The only difference in the two calculations is that the second draw in part b has one less total book. This makes for only a minor change in the overall calculations, so the result (final probability) is similar.


Baggage fees. (3.34, p. 124) An airline charges the following baggage fees: $25 for the first bag and $35 for the second. Suppose 54% of passengers have no checked luggage, 34% have one piece of checked luggage and 12% have two pieces. We suppose a negligible portion of people check more than two bags.

  1. Build a probability model, compute the average revenue per passenger, and compute the corresponding standard deviation.

Bags | $ | Pax % 0 | 0 | 54% 1 | 25 | 34% 2 | 35 | 12%

(0 * 0.54) + (25 * 0.34) + (35 * 0.12) = $12.70 per passenger

(0^2 * 0.54) + (25^2 * 0.34) + (35^2 * 0.12) = 359.5

sqrt(359.5 - 12/7^2) = 14.079 stdev

  1. About how much revenue should the airline expect for a flight of 120 passengers? With what standard deviation? Note any assumptions you make and if you think they are justified.

120 * 12.70 = $1524


Income and gender. (3.38, p. 128) The relative frequency table below displays the distribution of annual total personal income (in 2009 inflation-adjusted dollars) for a representative sample of 96,420,486 Americans.

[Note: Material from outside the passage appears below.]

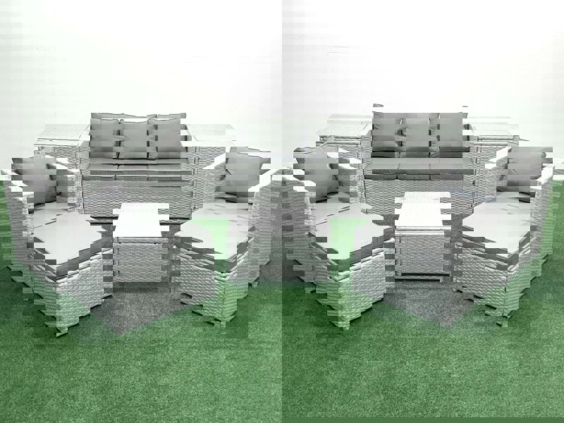 Designed for relaxed outdoor living, this 7 seater rattan garden furniture set brings a coordinated look to patios and gardens. Crafted from PE rattan with a galvanised steel structure, it is made for strength and year-round outdoor use, while the light grey mixed rattan and dark grey fabric create a considered, modern finish.

These data come from the American Community Survey for 2005-2009. This sample is comprised of 59% males and 41% females.

  1. Describe the distribution of total personal income.

This fata follows the normal distribution.

  1. What is the probability that a randomly chosen US resident makes less than $50,000 per year?

Sum of probabilities from $1 - $49,999 in income = 0.622

  1. What is the probability that a randomly chosen US resident makes less than $50,000 per year and is female? Note any assumptions you make.

0.622 * 0.41 = 0.26 if we assume that sex and income are independent.

  1. The same data source indicates that 71.8% of females make less than $50,000 per year. Use this value to determine whether or not the assumption you made in part (c) is valid.

The assumption is not valid as the same proportion of females should make less than $50,000 per year all respondents (62/2%). Therefore sex and income are dependent.